** Opening Input data block **
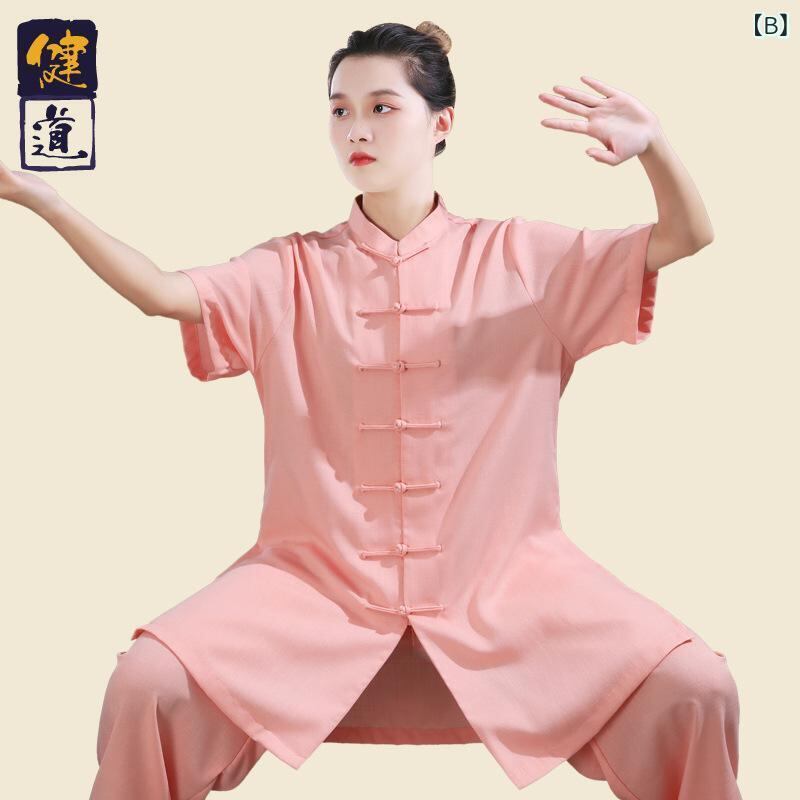 太極服 男女兼用 武術演武服 武道着 太極拳練習着 八段錦 半そで 夏向け 高級感 再生繊維 ナイロン 軽量 吸湿速乾 ダークブルー ピンク ライトブルー
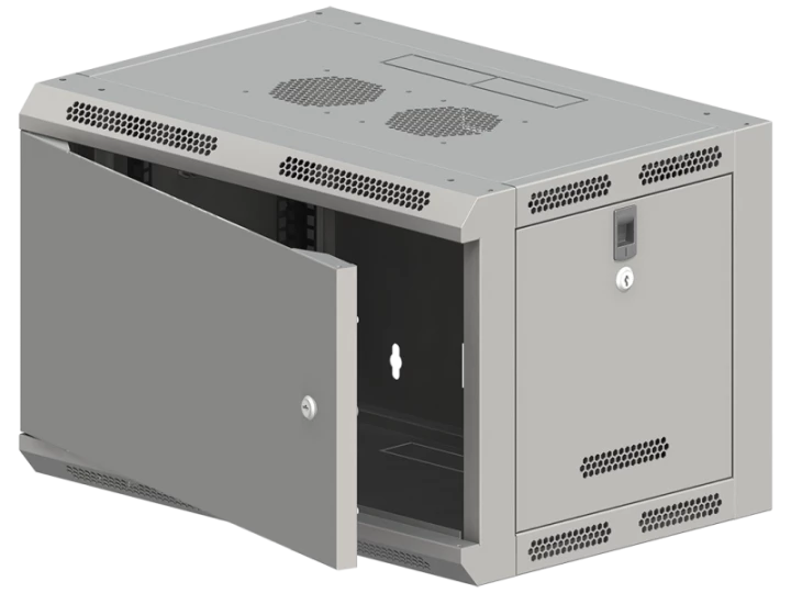 Szafa rack wisząca 19 cali 6U 600x500, niedzielona, drzwi metalowe, kolor szary FLAT PACK
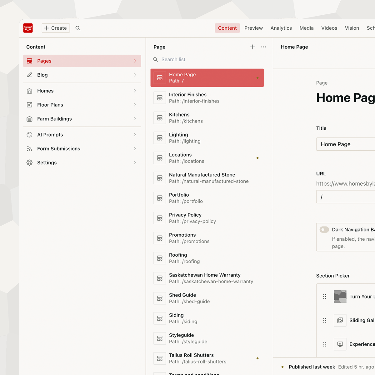 No two businesses are the same, therefore an out-of-the-box Content Management System (CMS) is rarely an ideal solution. For Homes By Lake Country, their previous WordPress CMS website was cluttered and disorganized making it difficult to update content. For the new website, we integrated Sanity CMS to provide visual editing capabilities and a streamlined content management system, allowing the team to locate and update any piece of content within just a few clicks.
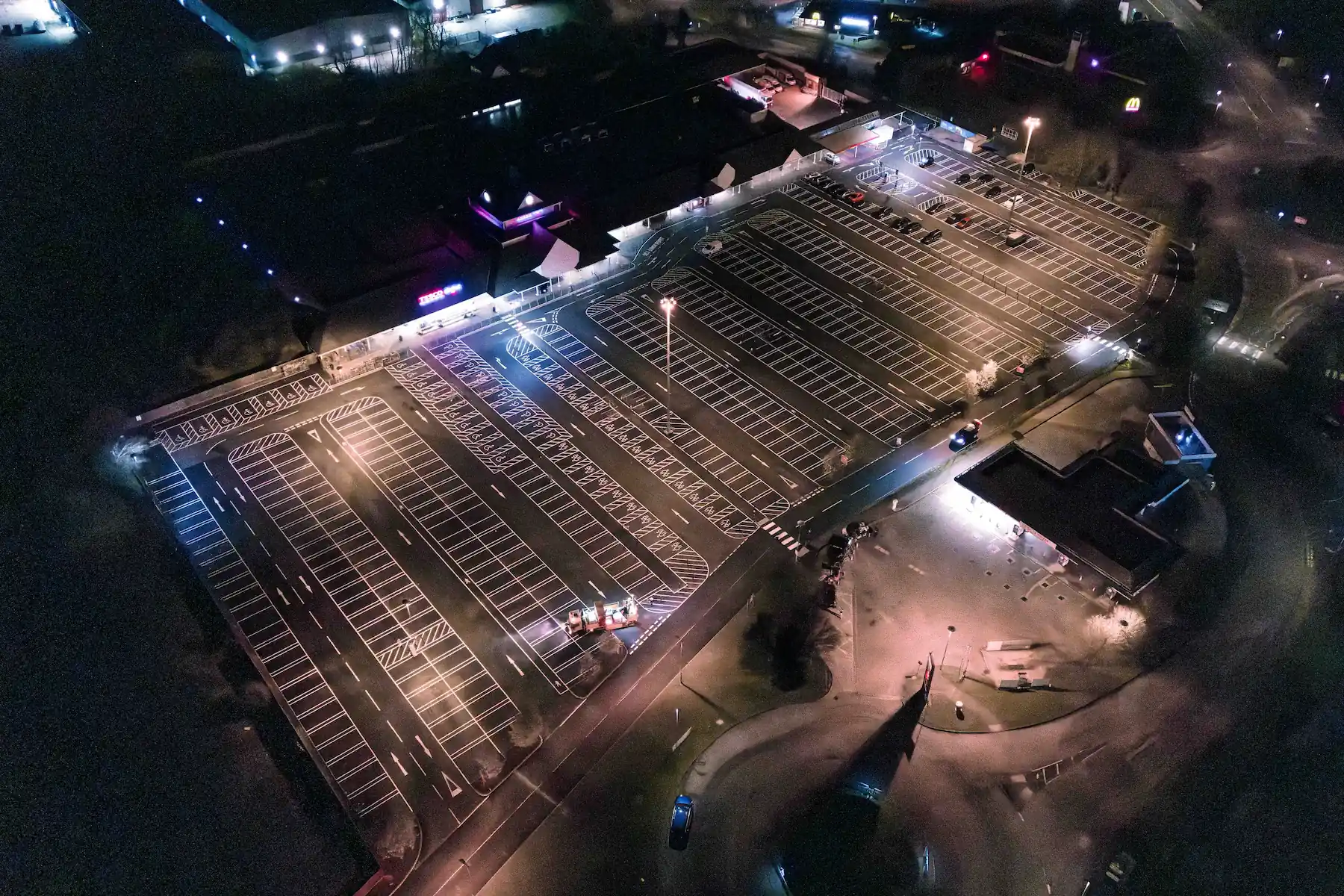 The project required careful planning, phasing and coordination to maintain safe access throughout. Works included resurfacing, layout changes and line marking, delivered to programme while supporting day-to-day site activity and trading requirements.
** Closing Input data block **
## [Problem requirements]
Counting both ends, reproduce word for word the lines from the line with "Szafa rack wisząca" to the final line of the listing above, skipping every picture.

## [Problem solution]
 Szafa rack wisząca 19 cali 6U 600x500, niedzielona, drzwi metalowe, kolor szary FLAT PACK
 No two businesses are the same, therefore an out-of-the-box Content Management System (CMS) is rarely an ideal solution. For Homes By Lake Country, their previous WordPress CMS website was cluttered and disorganized making it difficult to update content. For the new website, we integrated Sanity CMS to provide visual editing capabilities and a streamlined content management system, allowing the team to locate and update any piece of content within just a few clicks.
 The project required careful planning, phasing and coordination to maintain safe access throughout. Works included resurfacing, layout changes and line marking, delivered to programme while supporting day-to-day site activity and trading requirements.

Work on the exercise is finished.